* Work instructions *
For this exercise, copy exactly the lines below from the one with "髪型・表情 | 黒髪で、少し**カールがかった軽やかなスタイル**。木陰でリラックスした、穏やかで優しい表情。 |" through the one with "Hope Grey dekor" and leave out the pictures.

═══ Data for analysis ═══

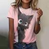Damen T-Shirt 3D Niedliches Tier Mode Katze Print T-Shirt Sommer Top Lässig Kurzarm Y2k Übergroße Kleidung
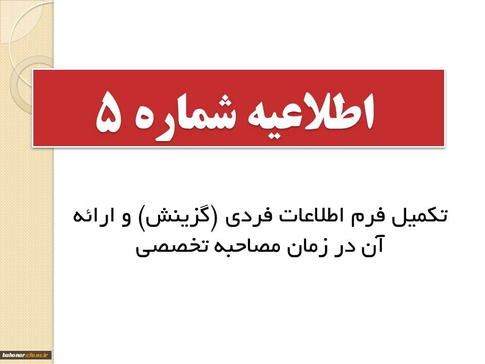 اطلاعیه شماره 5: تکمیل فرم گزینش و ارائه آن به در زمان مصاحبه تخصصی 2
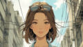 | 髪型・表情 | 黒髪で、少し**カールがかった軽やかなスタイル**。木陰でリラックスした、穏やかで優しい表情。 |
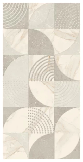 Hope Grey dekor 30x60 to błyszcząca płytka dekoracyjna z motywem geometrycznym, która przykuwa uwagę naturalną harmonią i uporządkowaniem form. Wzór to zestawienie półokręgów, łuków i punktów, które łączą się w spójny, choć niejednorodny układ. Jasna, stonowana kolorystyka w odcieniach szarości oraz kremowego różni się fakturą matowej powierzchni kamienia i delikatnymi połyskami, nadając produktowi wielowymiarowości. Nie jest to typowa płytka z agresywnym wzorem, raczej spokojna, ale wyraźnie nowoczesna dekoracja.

═══
═══ Data for analysis ═══

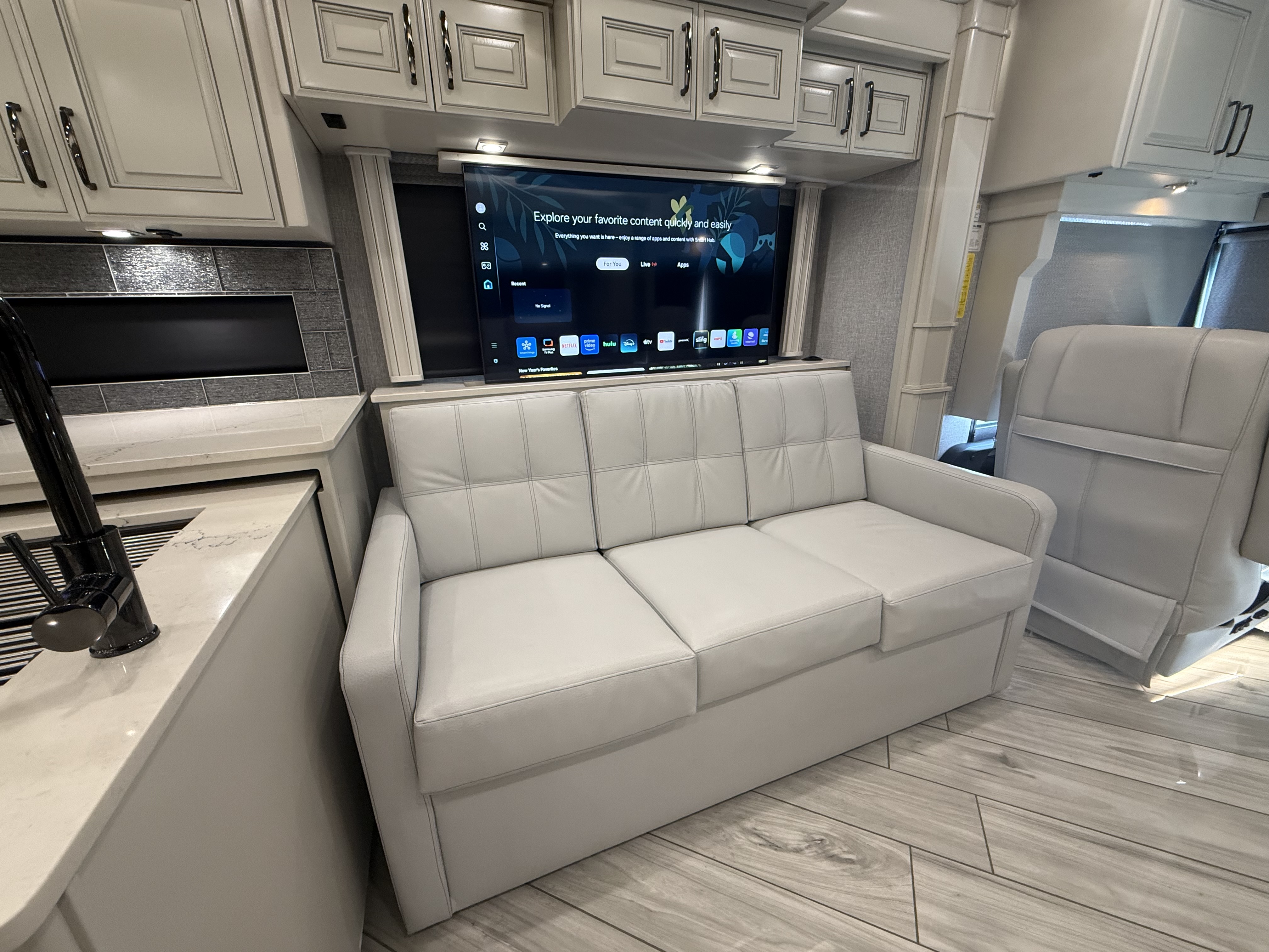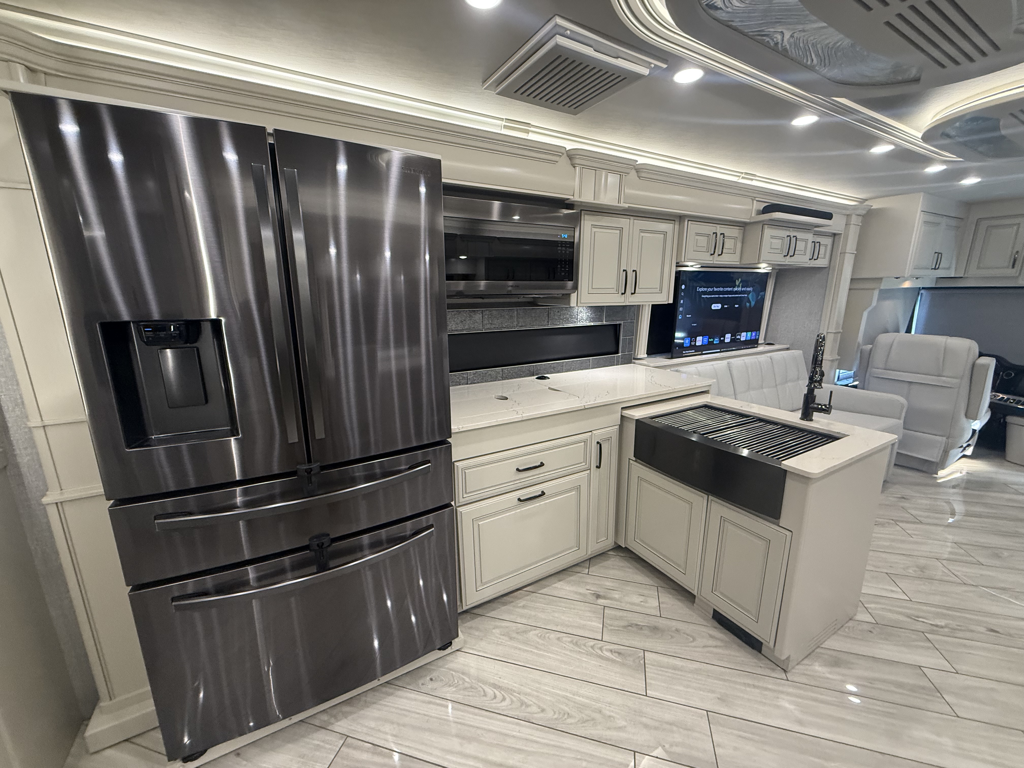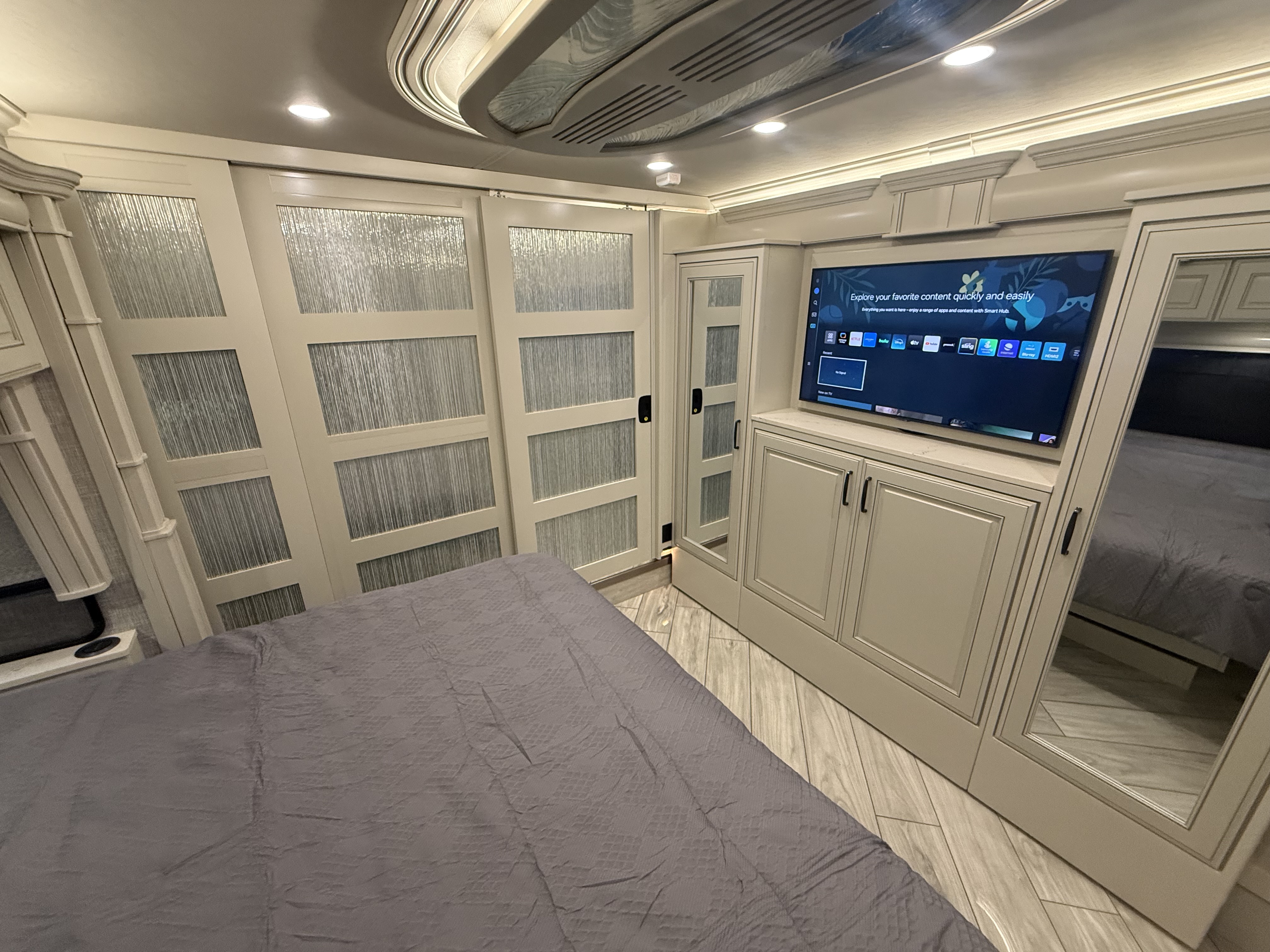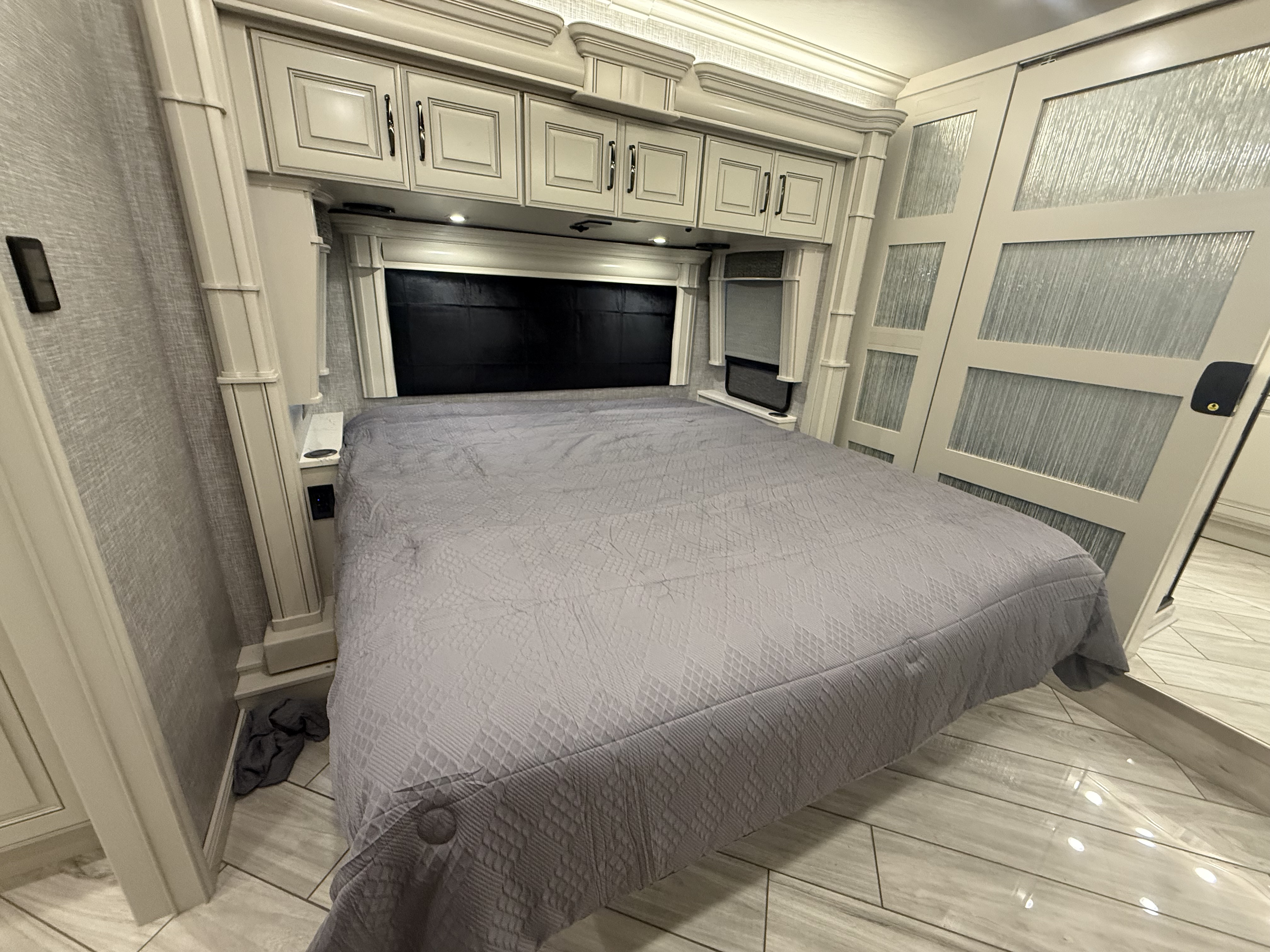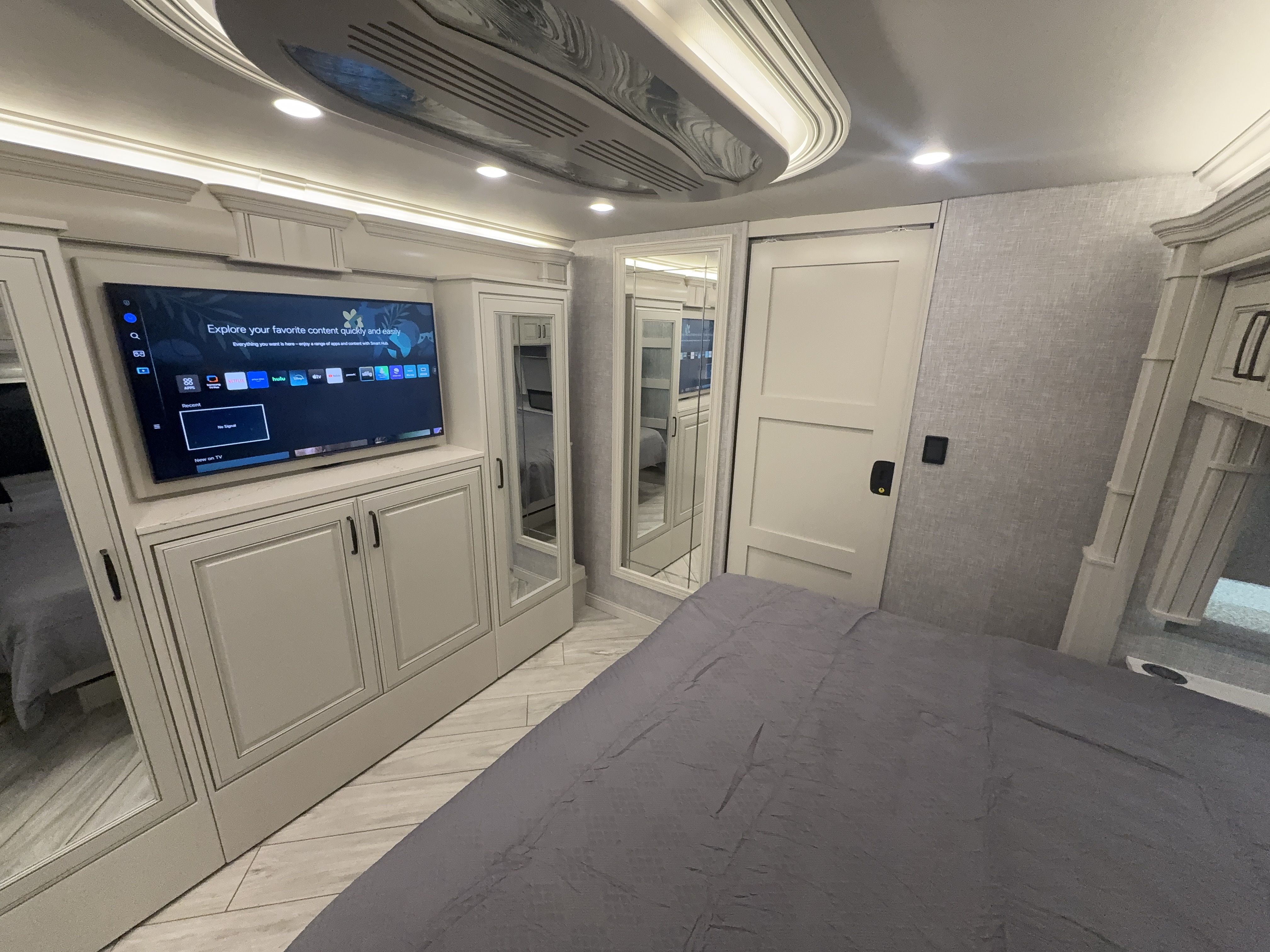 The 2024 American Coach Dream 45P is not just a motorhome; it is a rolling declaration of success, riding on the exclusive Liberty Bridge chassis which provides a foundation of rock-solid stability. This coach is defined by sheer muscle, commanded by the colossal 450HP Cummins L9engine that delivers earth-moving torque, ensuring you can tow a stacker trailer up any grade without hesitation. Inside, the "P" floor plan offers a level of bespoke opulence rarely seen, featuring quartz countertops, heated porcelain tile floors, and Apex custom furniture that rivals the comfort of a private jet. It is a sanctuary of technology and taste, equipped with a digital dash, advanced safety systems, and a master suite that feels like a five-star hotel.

═══
═══ Data for analysis ═══

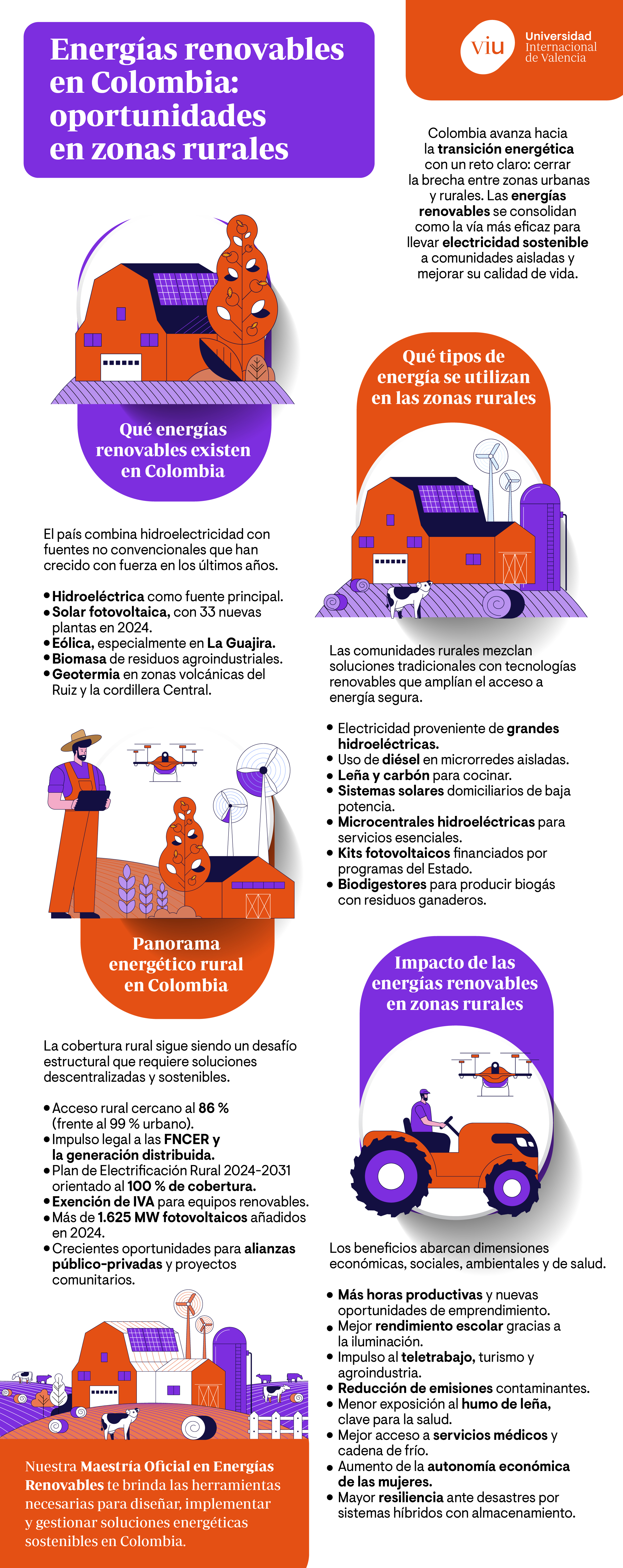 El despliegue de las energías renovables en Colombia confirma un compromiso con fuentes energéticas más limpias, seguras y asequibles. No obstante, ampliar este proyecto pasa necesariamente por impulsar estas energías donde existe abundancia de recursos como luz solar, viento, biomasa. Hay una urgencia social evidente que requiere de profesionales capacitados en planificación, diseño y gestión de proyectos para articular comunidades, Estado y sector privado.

═══

* Response *
 | 髪型・表情 | 黒髪で、少し**カールがかった軽やかなスタイル**。木陰でリラックスした、穏やかで優しい表情。 |
 Hope Grey dekor 30x60 to błyszcząca płytka dekoracyjna z motywem geometrycznym, która przykuwa uwagę naturalną harmonią i uporządkowaniem form. Wzór to zestawienie półokręgów, łuków i punktów, które łączą się w spójny, choć niejednorodny układ. Jasna, stonowana kolorystyka w odcieniach szarości oraz kremowego różni się fakturą matowej powierzchni kamienia i delikatnymi połyskami, nadając produktowi wielowymiarowości. Nie jest to typowa płytka z agresywnym wzorem, raczej spokojna, ale wyraźnie nowoczesna dekoracja.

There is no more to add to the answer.